Dataset entries:
━━━━━━━━━━━━━━━━━━━━

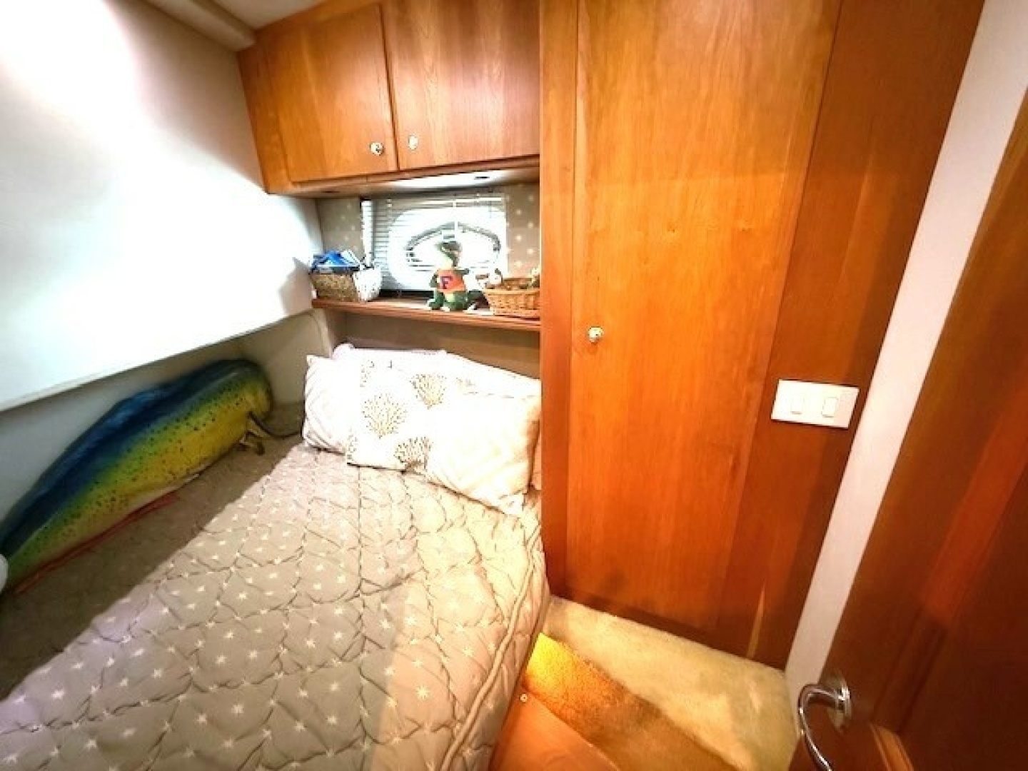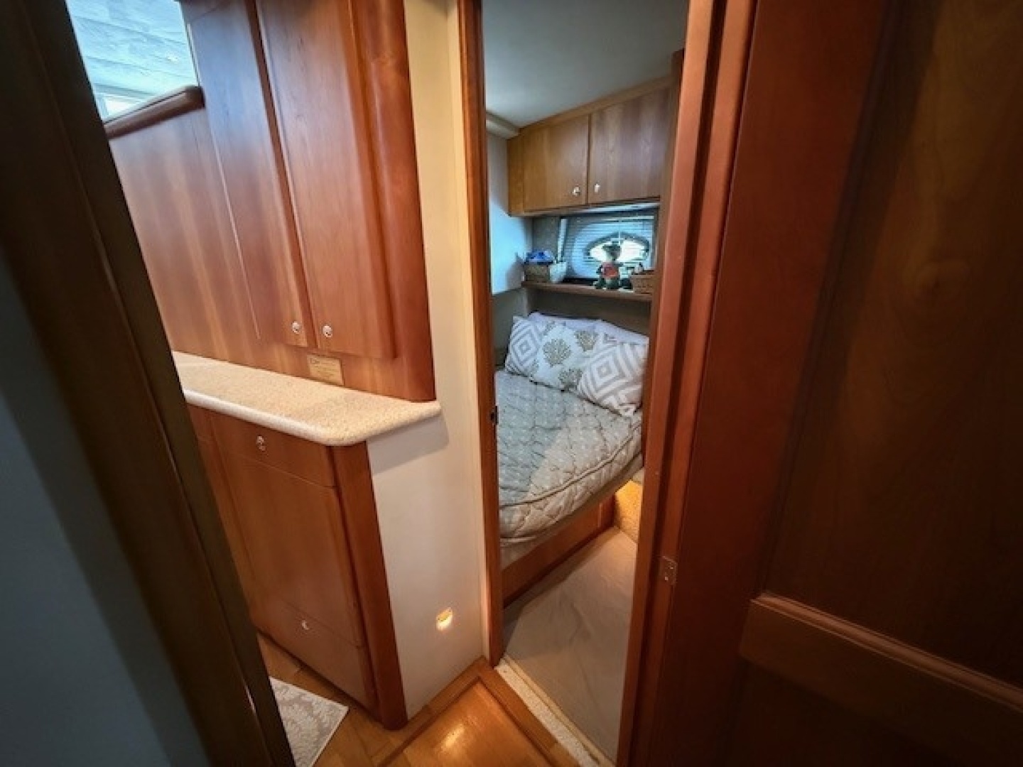 The guest stateroom is located on the port side of the vessel, forward of the galley. Notable features:
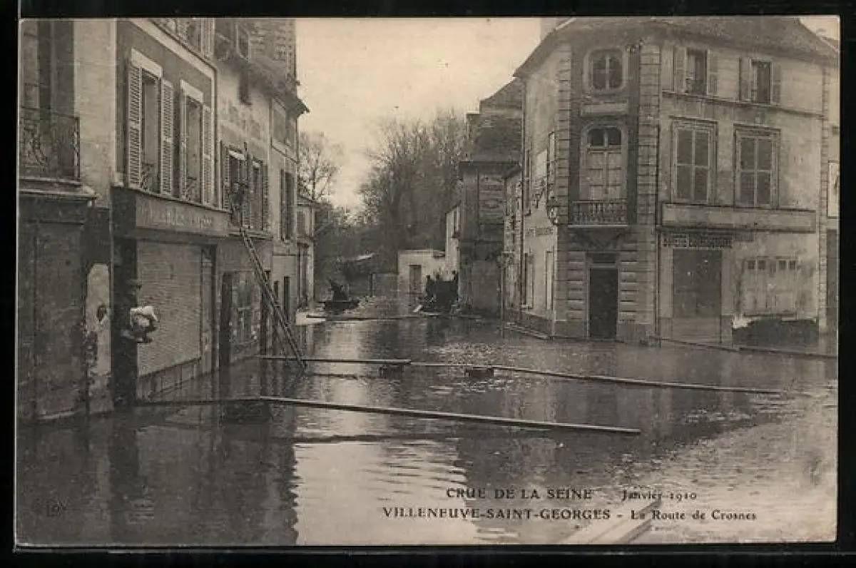 AK Villeneuve-Saint-Georges, La Route de Cornes inondée
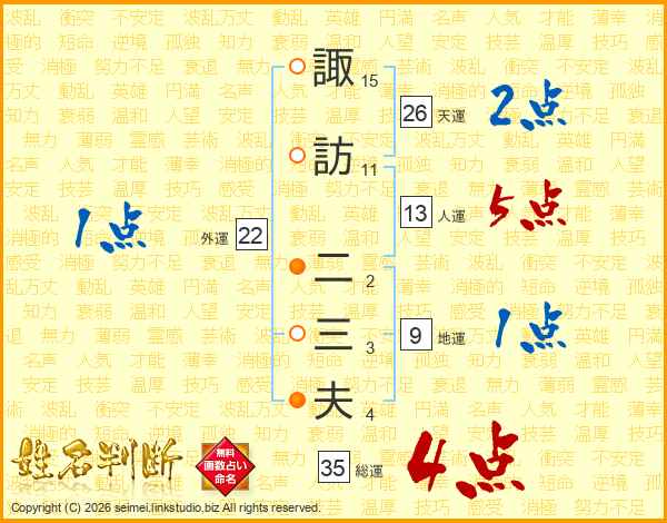 諏訪二三夫さんの天運は26画の2点!
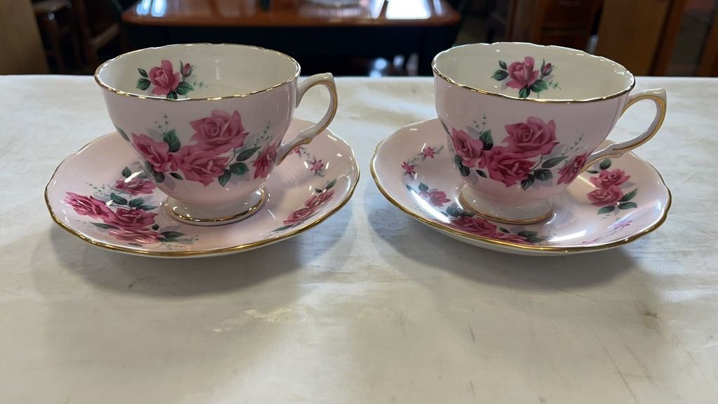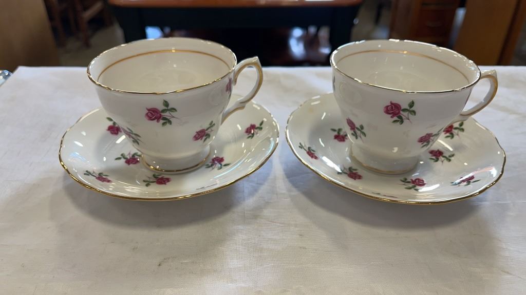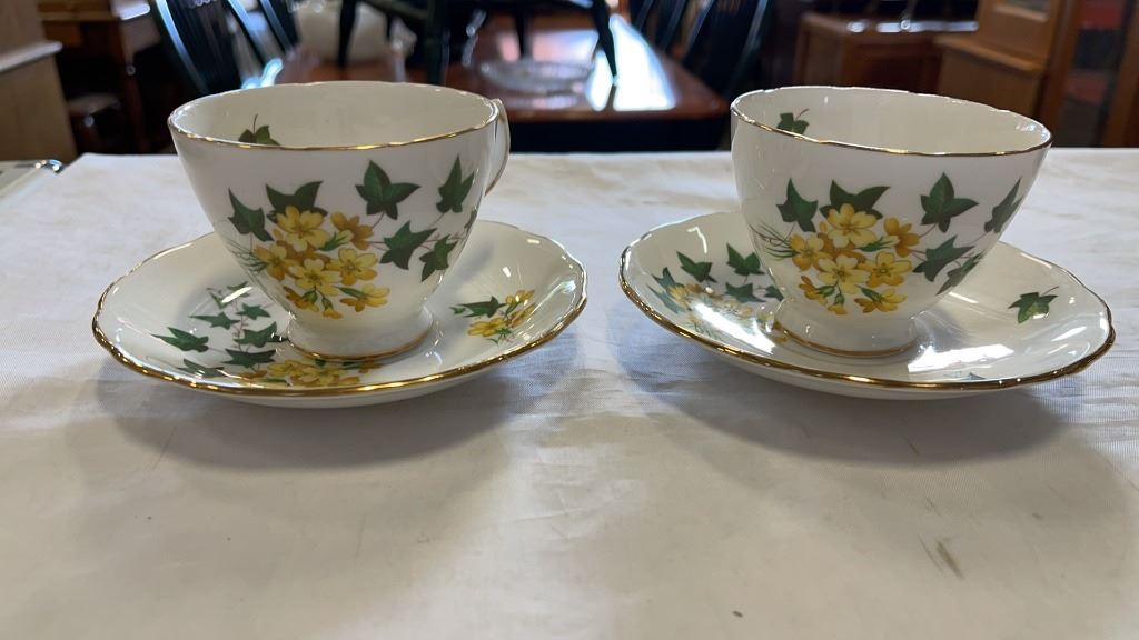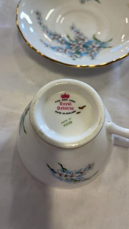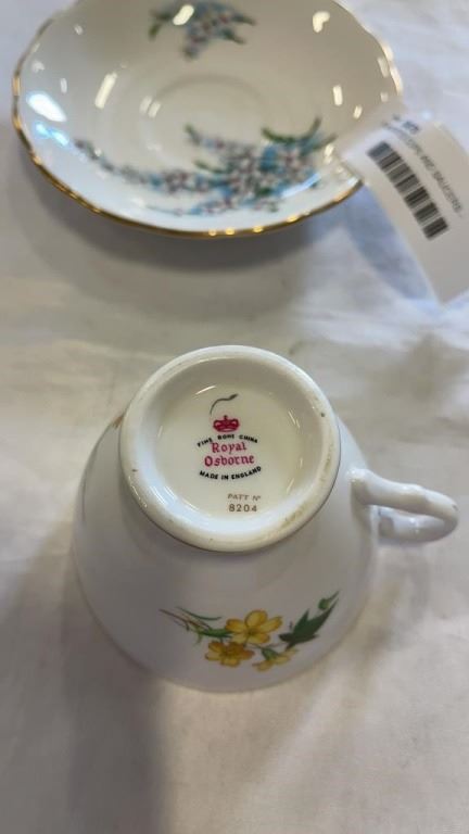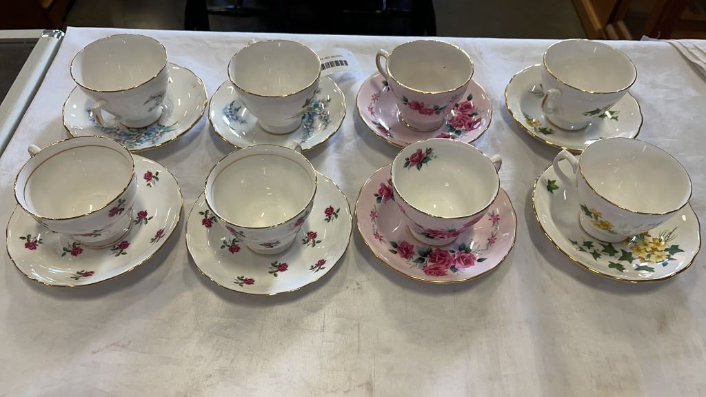 8 ASSORTED CUPS AND SAUCERS - COLCLOUGH AND ROYAL OSBORNE - 1 MIX MATCH CUP/SAUCER
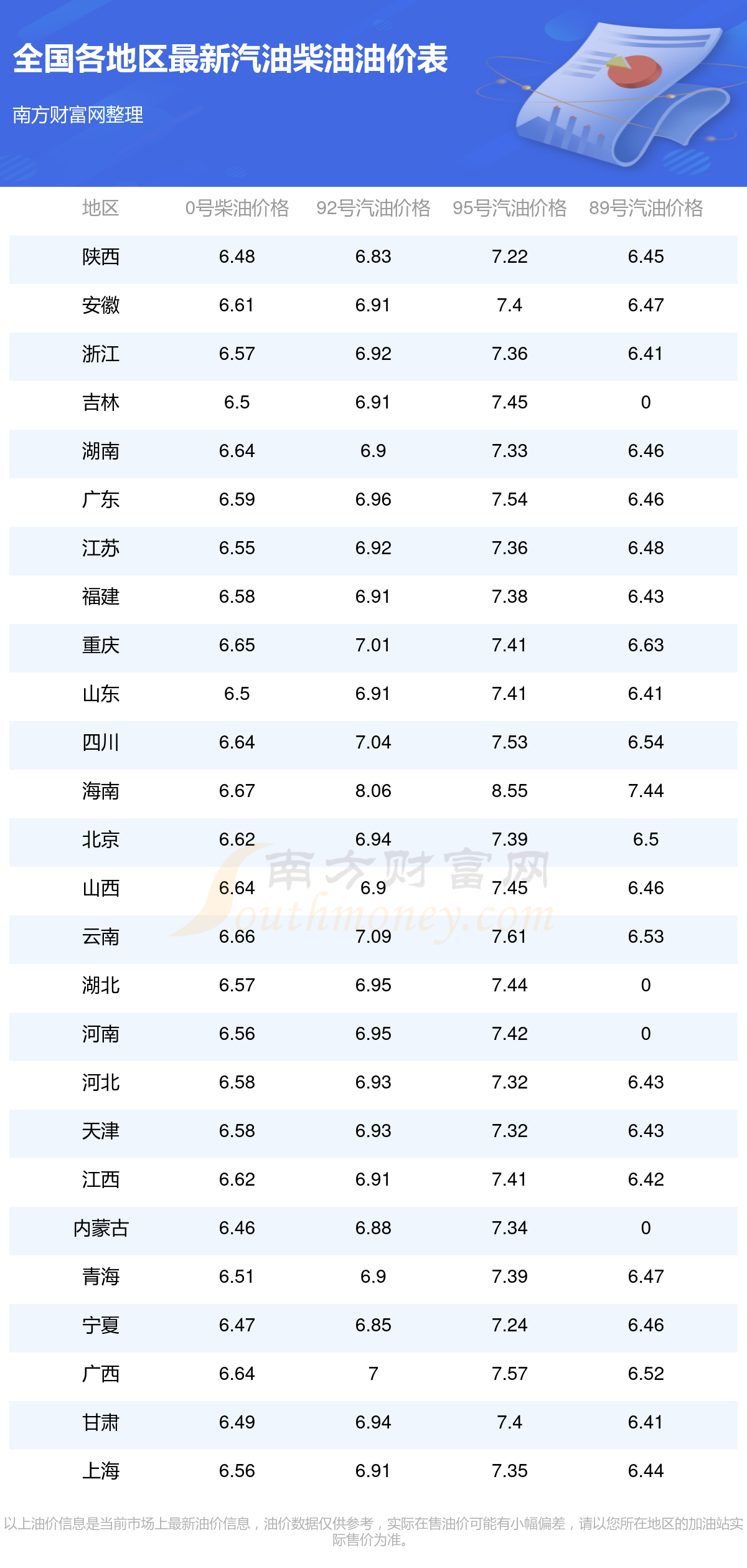 以上數(shù)據(jù)僅供參考,請(qǐng)以您所在地區(qū)的加油站實(shí)際售價(jià)為準(zhǔn)。南方財(cái)富網(wǎng)發(fā)布此信息的目的在于傳播更多信息,對(duì)使用該油價(jià)信息所導(dǎo)致的結(jié)果概不承擔(dān)責(zé)任。
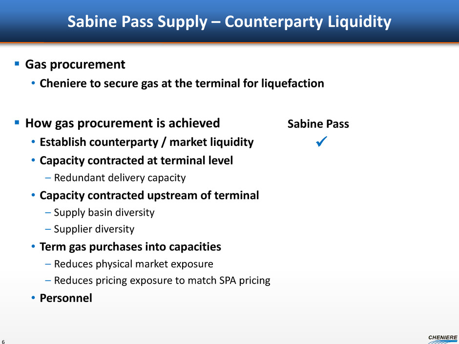Summary Organizational Structure Cheniere Energy, Inc. (NYSE MKT: LNG) Cheniere Energy Partners, L.P. (NYSE MKT: CQP) Sabine Pass LNG, L.P. (SPLNG) Total TUA (1 Bcf/d) Chevron TUA (1 Bcf/d) SPL TUA (2 Bcf/d) Sr Secured Notes $1,666 due 2016 (7.50%) $420 due 2020 (6.50%) ($ in millions) Cheniere Marketing, LLC (CMI) Trains 1-4 Debt $900 Credit Facilities due 2020(1) $2,000 Notes due 2021 (5.625%) $1,000 Notes due 2022 (6.250%) $1,500 Notes due 2023 (5.625%) $2,000 Notes due 2024 (5.750%) $2,000 Notes due 2025 (5.625%) Sabine Pass Liquefaction, LLC (SPL) Creole Trail Pipeline (CTPL) $400 Term Loan due 2017 (L+325) CQP GP (& IDRs) (1) Includes $671 million term loan facility, $165 million Republic of Korea (“ROK”) covered facility and $64 million ROK direct facility. Interest on the term loan facility is L+300 during construction and steps up to L+325 during operation. Under the ROK credit facilities, interest includes L+300 on the direct portion and L+230 on the covered portion during construction and operation. In addition, SPL will pay 100 bps for insurance/guarantee premiums on any drawn amounts under the covered tranches. These Credit Facilities mature on the earlier of May 28, 2020 or the second anniversary of Train 4 completion date. (2) Assumes final investment decision (“FID”) made on CCL Trains 1-3. Note: CCH and CCH HoldCo entity detail not fully shown in diagram. Cheniere Energy Partners LP Holdings, LLC (NYSE MKT: CQH) 5 Cheniere CCH Holdco II, LLC Convertible Debt $1,000 PIK Convertible Notes due 2021 (4.875%) $625 Convertible Notes due 2045 (4.250%) SPL Firm Transport (1.5 Bcf/d) BG SPA (286.5 Tbtu / yr) Gas Natural SPA (182.5 Tbtu / yr) KOGAS SPA (182.5 Tbtu / yr) GAIL (182.5 Tbtu / yr) Total (104.8 Tbtu / yr) Centrica (91.3 Tbtu / yr) CMI SPA Pertamina SPA (79.4 Tbtu / yr) Endesa SPA (117.3 Tbtu / yr) Iberdrola SPA (39.7 Tbtu / yr) Gas Natural (78.2 Tbtu / yr) Woodside (44.1 Tbtu / yr) EDF (40.0 Tbtu / yr) EDP (40.0 Tbtu / yr) CMI SPA Cheniere Corpus Christi Holdings, LLC (CCH) Trains 1-3 Equity(2) $1,500 Senior Secured Convertible Notes due 2025 Trains 1-3 Debt(2) ~$11,500 Credit Facilities due 2022 Corpus Christi Liquefaction, LLC (CCL)
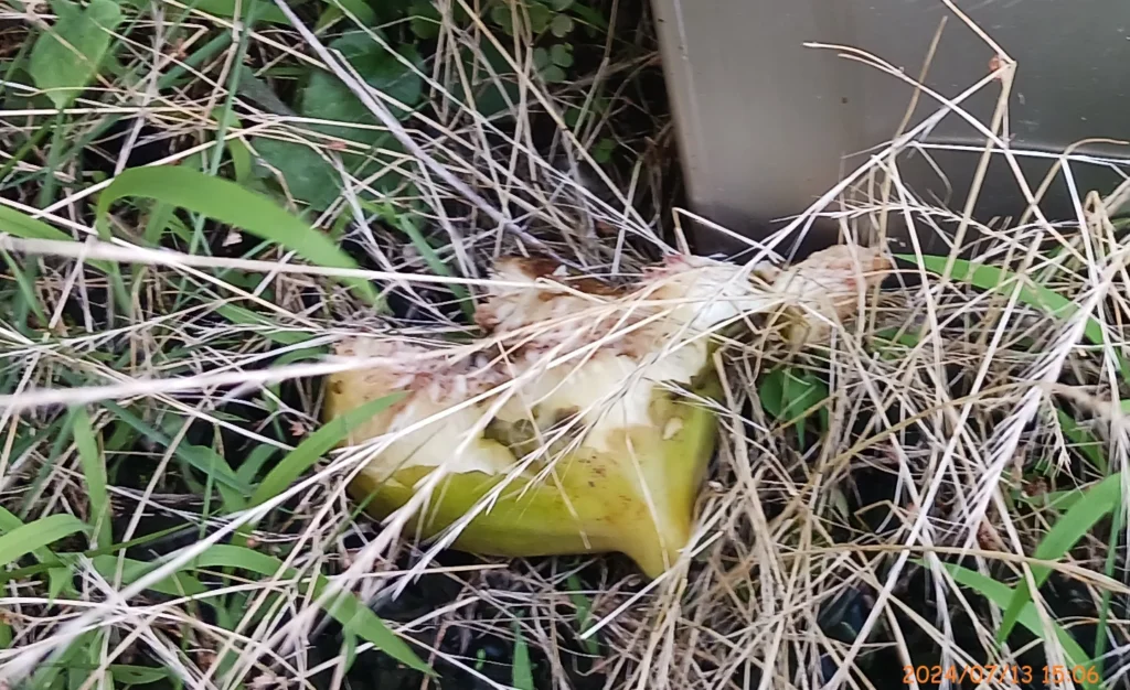 さらに放置すると、地面に落ち、そこから臭いが発生する。

━━━━━━━━━━━━━━━━━━━━

WHAT YOU NEED TO DO:
Every entry is to be reproduced word for word, and no image is carried over.

OUTPUT FOR THIS TASK:
 The guest stateroom is located on the port side of the vessel, forward of the galley. Notable features:
 AK Villeneuve-Saint-Georges, La Route de Cornes inondée
 諏訪二三夫さんの天運は26画の2点!
 8 ASSORTED CUPS AND SAUCERS - COLCLOUGH AND ROYAL OSBORNE - 1 MIX MATCH CUP/SAUCER
 以上數(shù)據(jù)僅供參考,請(qǐng)以您所在地區(qū)的加油站實(shí)際售價(jià)為準(zhǔn)。南方財(cái)富網(wǎng)發(fā)布此信息的目的在于傳播更多信息,對(duì)使用該油價(jià)信息所導(dǎo)致的結(jié)果概不承擔(dān)責(zé)任。
Summary Organizational Structure Cheniere Energy, Inc. (NYSE MKT: LNG) Cheniere Energy Partners, L.P. (NYSE MKT: CQP) Sabine Pass LNG, L.P. (SPLNG) Total TUA (1 Bcf/d) Chevron TUA (1 Bcf/d) SPL TUA (2 Bcf/d) Sr Secured Notes $1,666 due 2016 (7.50%) $420 due 2020 (6.50%) ($ in millions) Cheniere Marketing, LLC (CMI) Trains 1-4 Debt $900 Credit Facilities due 2020(1) $2,000 Notes due 2021 (5.625%) $1,000 Notes due 2022 (6.250%) $1,500 Notes due 2023 (5.625%) $2,000 Notes due 2024 (5.750%) $2,000 Notes due 2025 (5.625%) Sabine Pass Liquefaction, LLC (SPL) Creole Trail Pipeline (CTPL) $400 Term Loan due 2017 (L+325) CQP GP (& IDRs) (1) Includes $671 million term loan facility, $165 million Republic of Korea (“ROK”) covered facility and $64 million ROK direct facility. Interest on the term loan facility is L+300 during construction and steps up to L+325 during operation. Under the ROK credit facilities, interest includes L+300 on the direct portion and L+230 on the covered portion during construction and operation. In addition, SPL will pay 100 bps for insurance/guarantee premiums on any drawn amounts under the covered tranches. These Credit Facilities mature on the earlier of May 28, 2020 or the second anniversary of Train 4 completion date. (2) Assumes final investment decision (“FID”) made on CCL Trains 1-3. Note: CCH and CCH HoldCo entity detail not fully shown in diagram. Cheniere Energy Partners LP Holdings, LLC (NYSE MKT: CQH) 5 Cheniere CCH Holdco II, LLC Convertible Debt $1,000 PIK Convertible Notes due 2021 (4.875%) $625 Convertible Notes due 2045 (4.250%) SPL Firm Transport (1.5 Bcf/d) BG SPA (286.5 Tbtu / yr) Gas Natural SPA (182.5 Tbtu / yr) KOGAS SPA (182.5 Tbtu / yr) GAIL (182.5 Tbtu / yr) Total (104.8 Tbtu / yr) Centrica (91.3 Tbtu / yr) CMI SPA Pertamina SPA (79.4 Tbtu / yr) Endesa SPA (117.3 Tbtu / yr) Iberdrola SPA (39.7 Tbtu / yr) Gas Natural (78.2 Tbtu / yr) Woodside (44.1 Tbtu / yr) EDF (40.0 Tbtu / yr) EDP (40.0 Tbtu / yr) CMI SPA Cheniere Corpus Christi Holdings, LLC (CCH) Trains 1-3 Equity(2) $1,500 Senior Secured Convertible Notes due 2025 Trains 1-3 Debt(2) ~$11,500 Credit Facilities due 2022 Corpus Christi Liquefaction, LLC (CCL)
 さらに放置すると、地面に落ち、そこから臭いが発生する。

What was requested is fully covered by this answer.